In the entries below, begin at the line that has "الهام علیاف رئیس", stop after the line that has "整体上由于Azure业务增长", and output those lines exactly with no pictures.

##### AVAILABLE RECORDS #####

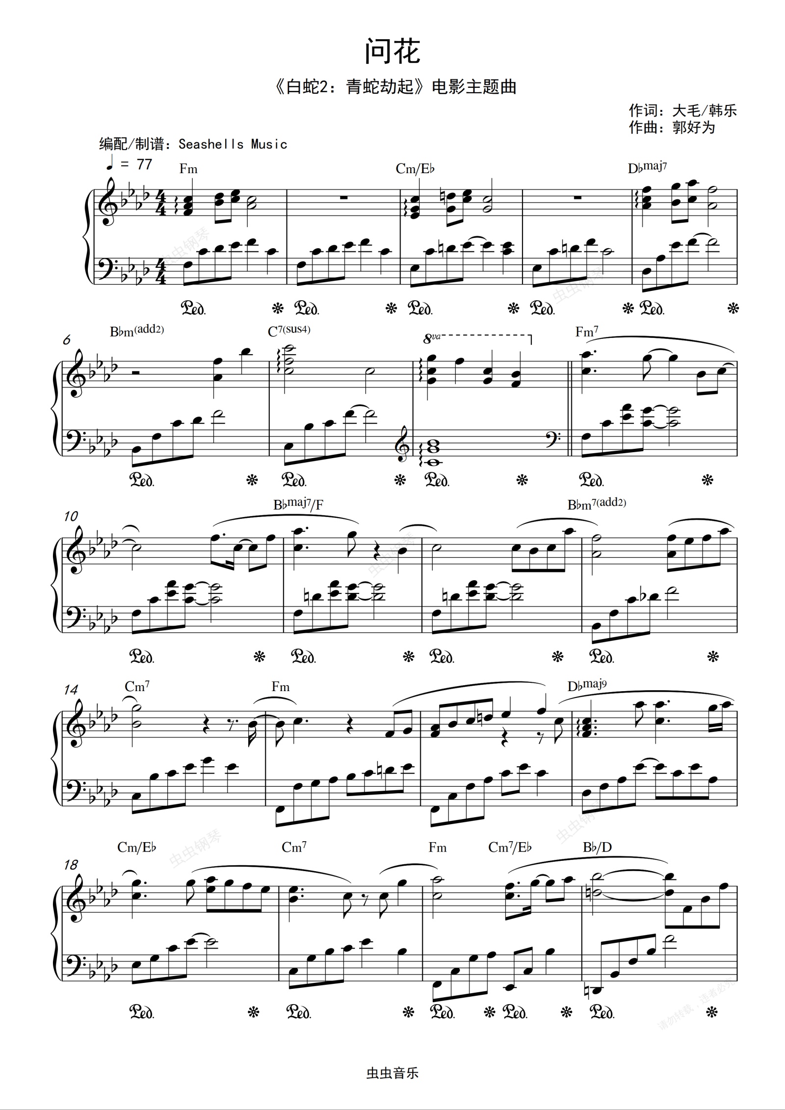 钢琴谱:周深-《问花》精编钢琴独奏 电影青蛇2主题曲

#####
##### AVAILABLE RECORDS #####

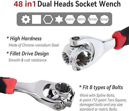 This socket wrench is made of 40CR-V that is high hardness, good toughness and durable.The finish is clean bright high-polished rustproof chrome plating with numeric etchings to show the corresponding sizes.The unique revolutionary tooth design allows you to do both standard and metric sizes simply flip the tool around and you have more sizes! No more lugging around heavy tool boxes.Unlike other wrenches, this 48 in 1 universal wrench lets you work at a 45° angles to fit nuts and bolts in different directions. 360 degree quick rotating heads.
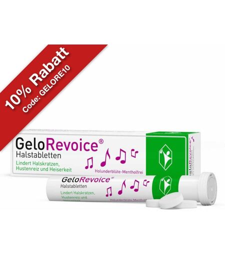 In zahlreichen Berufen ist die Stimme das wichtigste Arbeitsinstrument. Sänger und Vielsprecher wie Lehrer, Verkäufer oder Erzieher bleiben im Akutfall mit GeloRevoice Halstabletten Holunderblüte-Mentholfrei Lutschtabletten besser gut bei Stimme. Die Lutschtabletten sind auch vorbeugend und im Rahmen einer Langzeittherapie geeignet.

#####
##### AVAILABLE RECORDS #####

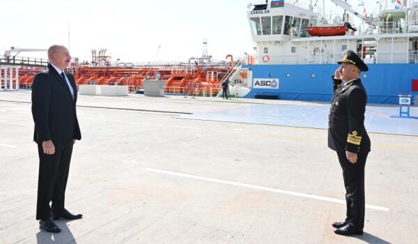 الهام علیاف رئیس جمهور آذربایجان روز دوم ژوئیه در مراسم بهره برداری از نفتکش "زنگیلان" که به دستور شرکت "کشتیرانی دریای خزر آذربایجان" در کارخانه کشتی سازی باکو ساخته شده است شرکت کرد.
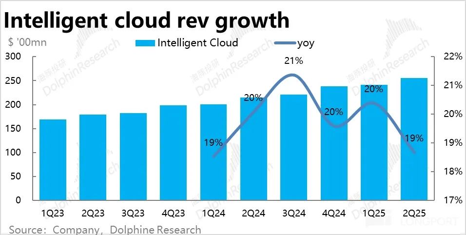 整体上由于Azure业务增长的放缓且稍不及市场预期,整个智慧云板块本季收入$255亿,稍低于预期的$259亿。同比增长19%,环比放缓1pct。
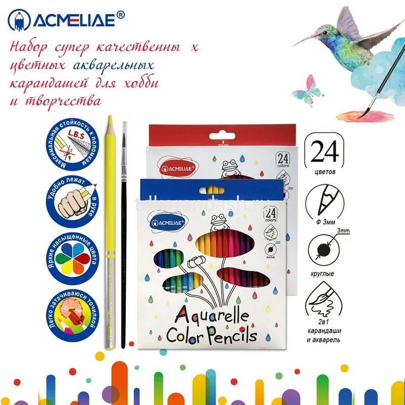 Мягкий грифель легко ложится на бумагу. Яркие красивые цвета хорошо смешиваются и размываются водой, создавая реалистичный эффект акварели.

#####

THE COMPLETED TASK:
 الهام علیاف رئیس جمهور آذربایجان روز دوم ژوئیه در مراسم بهره برداری از نفتکش "زنگیلان" که به دستور شرکت "کشتیرانی دریای خزر آذربایجان" در کارخانه کشتی سازی باکو ساخته شده است شرکت کرد.
 整体上由于Azure业务增长的放缓且稍不及市场预期,整个智慧云板块本季收入$255亿,稍低于预期的$259亿。同比增长19%,环比放缓1pct。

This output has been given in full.